He takes the empty seat my eavesdropper had previously occupied, and my eyes widen as I note the beer bottle resting on its side, the contents soaking into a beer mat.
My heart thumps so hard that I’m sure Hunter must see my pulse in my neck. “What did you do to him?”
“He left,” Hunter says. “Quietly.”
When he smiles, I can’t tell if it’s meant to put me at ease or intimidate me. My jaw clenches. I’m in no mood for either. “Did you kill him?”
His green eyes sparkle. The smile doesn’t falter. “Wow, you do have a low opinion of me. The man walked,” he says, his voice suddenly cold.
I strike with my next question before I lose my nerve. “How did you track me down?”
Hunter leans forward, his eyes never leaving mine as his arm slips around me. I jolt upright, my back stiffening as his hand rests on the back of my bodice
“You don’t have to be frightened of me, Maddison,” he whispers, his face drawing nearer to mine.
I shudder as the bastard’s fingersfollow my spine, exploring the cord that laces my dress. I ball my hands into fists, refusing to let him get to me. “I’m not scared,” I hiss into his ear. “I’m pissed.”

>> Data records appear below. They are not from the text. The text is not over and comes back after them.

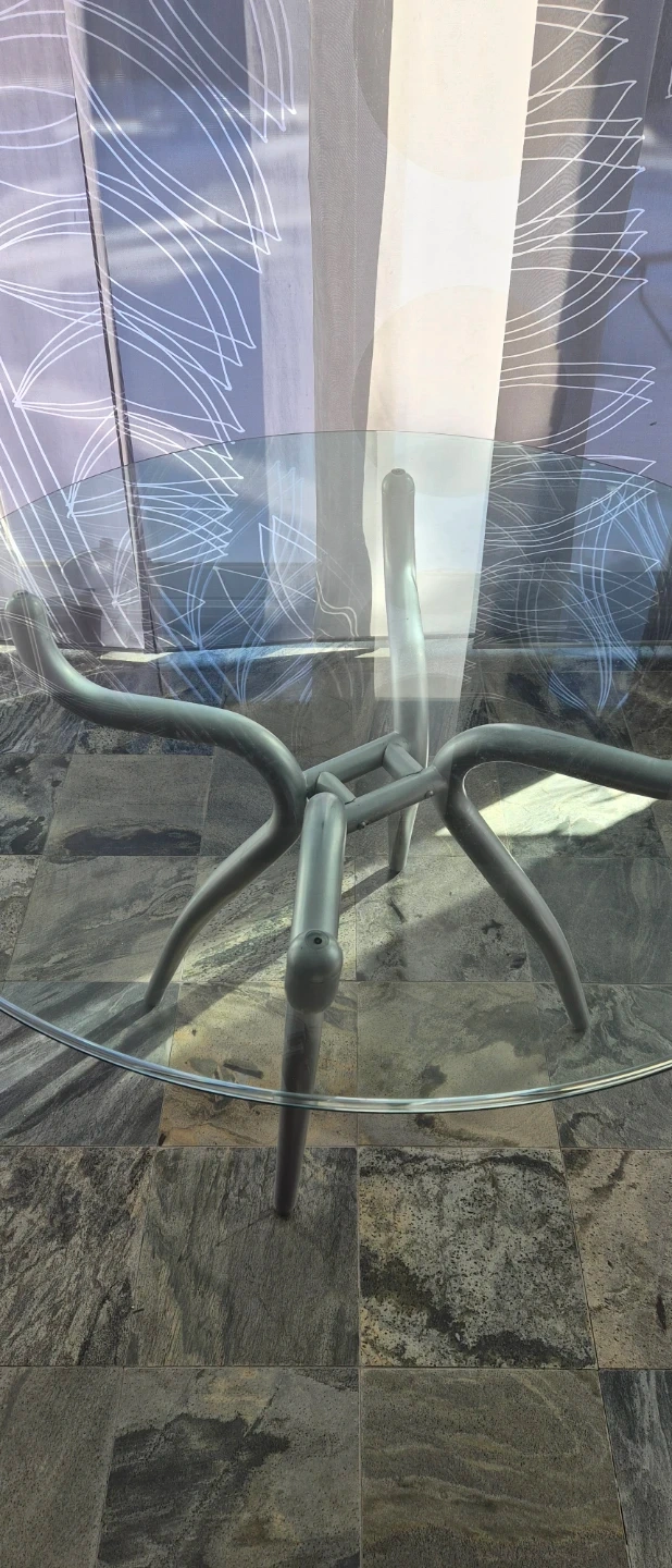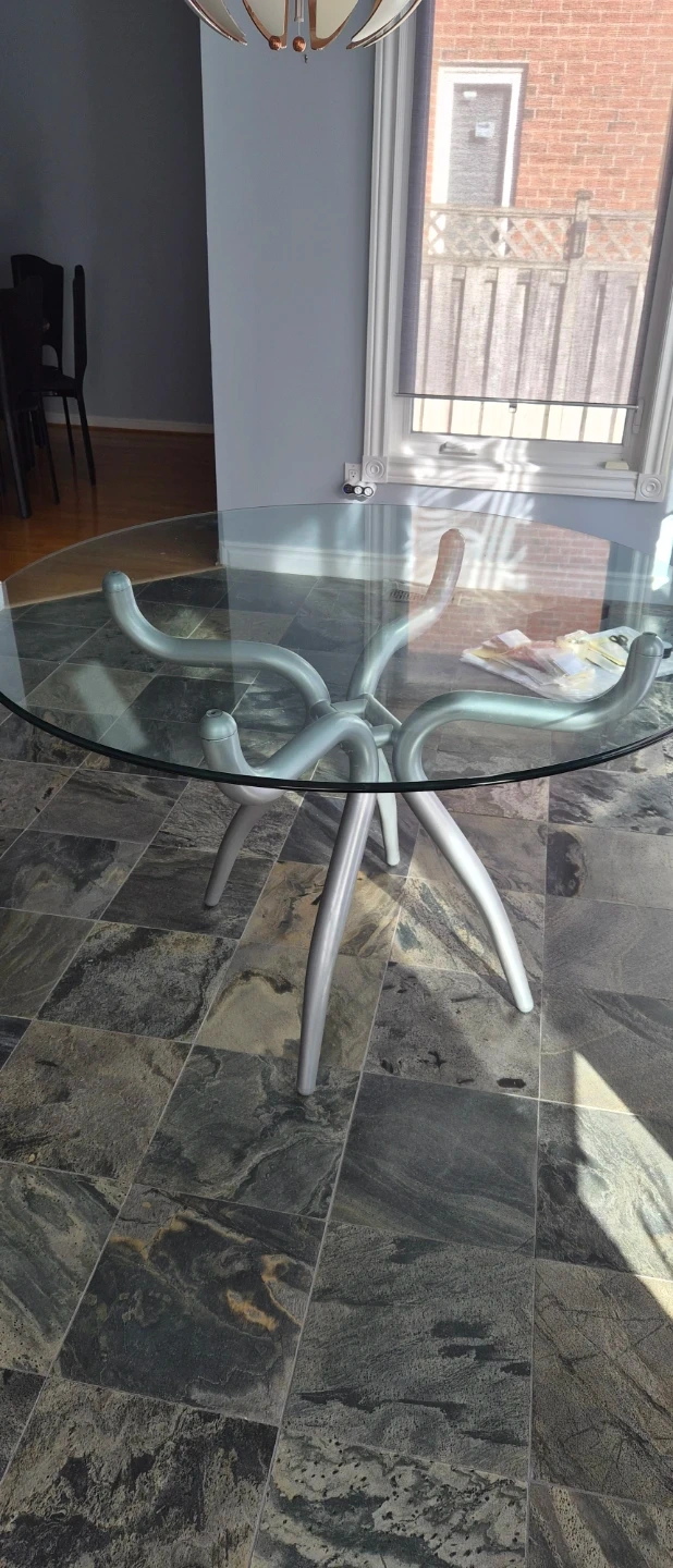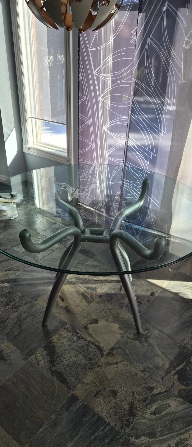 This round glass top dining table features a distinctive, sculptural metal base. It's a stylish piece that adds a modern touch to any dining area. The transparent glass top creates an open feel in your space.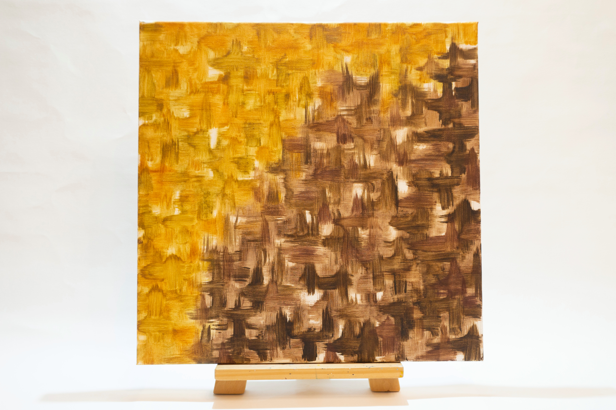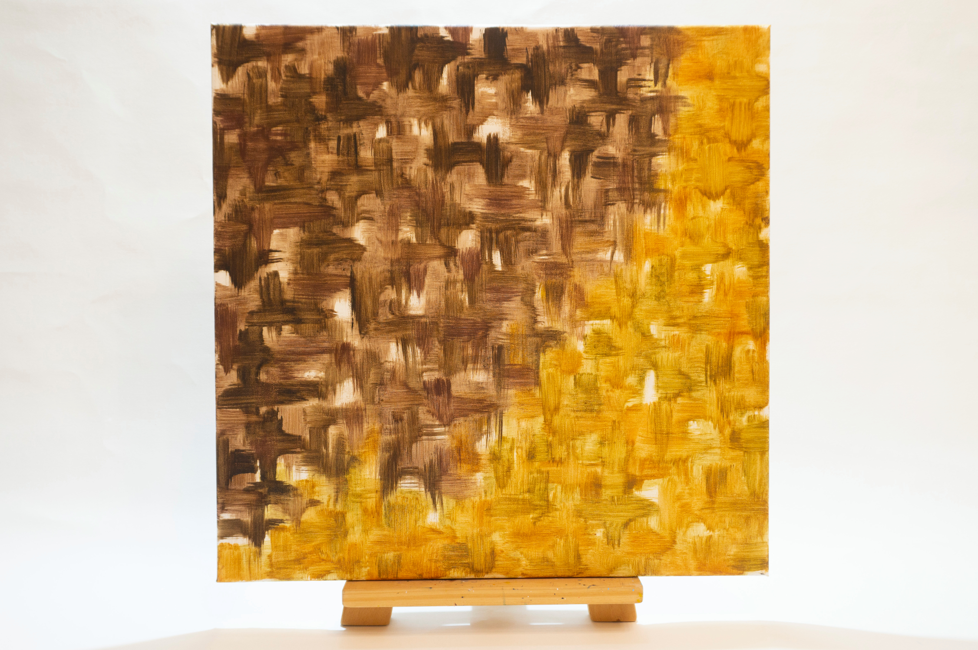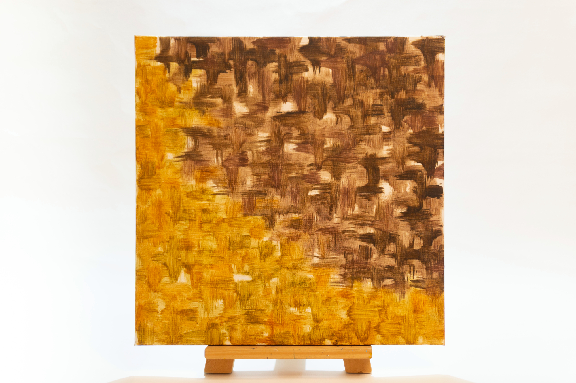 The composition is built on the contrast between glowing golden-yellow tones and deep brown textures, evoking the feeling of endless fields under warm sunlight. The layered brushwork and subtle transitions create an impression of movement and depth, suggesting rows of blooming sunflowers dissolving into abstraction. The result is a poetic balance between landscape and color field painting, where emotion and light take precedence over form.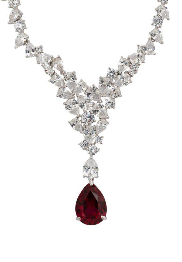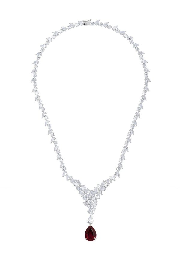 Introducing the Lydia Statement Necklace in Ruby Silver, a masterpiece of elegance and brilliance. Weighing 45.5 grams, this exquisite necklace made with 925 sterling silver is adorned with simulated diamonds from end to end, culminating in a striking triangular formation at the front. At the tip of this dazzling triangle hangs a teardrop-shaped lab-grown Ruby, the birthstone for July, adding a touch of passionate colour and deep significance.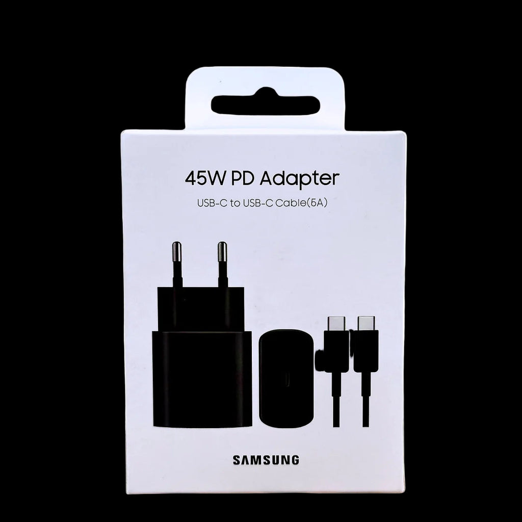 Carregador original Samsung de alto desempenho a 45W com carga rápida, inteligente e adaptativa.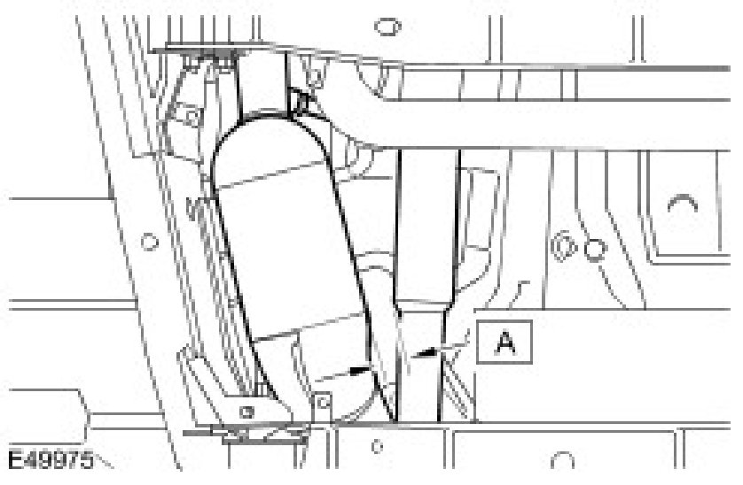 CAUTION: Make sure there is a clearance (A) of 25 mm to 30 mm between the closest points of the LH catalytic converter and the front driveshaft.

“Noted,” he says with an infuriating chuckle.
His head comes too close to my chest for comfort, and I’m debating whether or not to punch him in the nose when I feel a sharp tug on the back of my dress.
Hunter straightens and shows me a pill-sized button. “Tracker,” he explains before pocketing the evidence.
“What the–?” Blood rushes to my head and my mind whirs. When did he plant that? Then I remember. “The goon outside the chapel put it there, didn’t he?” He’d tried to grab me as I ran. Except, I see now, he hadn’t been trying to stop me.
Hunter’s smile broadens into a grin. “My brother,” he explains. “The guy you elbowed.”
“I’m not sorry.”
He laughs. “I’m getting that impression.”
I’ve had enough of this. My life has turned into a dumpster fire and he’s treating it all like a joke. “Why are you here? What do you want?”
“Just to talk,” he replies. “You might not believe it right now, but I’m one of the few people you can trust.”
“Says the man who tracked me down with a bug his brother planted on me,” I scoff.
“For which I apologize, but you really shouldn’t have run, Maddison.”
Chapter 3
Hunter
It wasn’t supposed to be this difficult. Foolishly, we’d gone in expecting the Corbyns to be grateful for our intervention. We’d exposed Barrett’s plan to asset strip their paper mill, but Hugo’s stupidity was something to behold. We’d all just watched Maddison disappear through the now-locked chapel doors, but her brother still tried to convince Barrett that all wasn’t lost.
“I’ll explain to Maddison that it was a misunderstanding,” Hugo had promised, prepared to sell his sister at any price.
“I’d say you underestimate her,” Barrett replied. “And you certainly underestimate me. The deal is dead in the water. I need to be pickier choosing my bride next time.” He shrugged off Hugo’s grasping hand. “Don’t contact me again.”
It was ego talking. Barrett didn’t like it when someone took away one of his toys, so now he was pretending he’d never wanted it. Too much of a coward to confront me directly, he just stalked up and down the aisle until Jake opened the doors at my command.
“We could have handled this without all the drama, Hunter,” Alice chided when Reid finally let her up from her seat.
“Go comfort your son, Alice,” I replied without looking at her. “I think he needs his mommy.”
Alice had controlled the Emerson empire for the ten years between her husband’s death and Barrett’s twenty-first birthday, but since he took over five years ago, she’s been fighting a losing battle to curb her son’s dubious business practices. She looked every one of her sixty years as she disappeared out of the chapel behind her son.
I turned my attention back to Hugo. “I understand you’ll need time to regroup with your sister,” I began. “But I may be able to help.”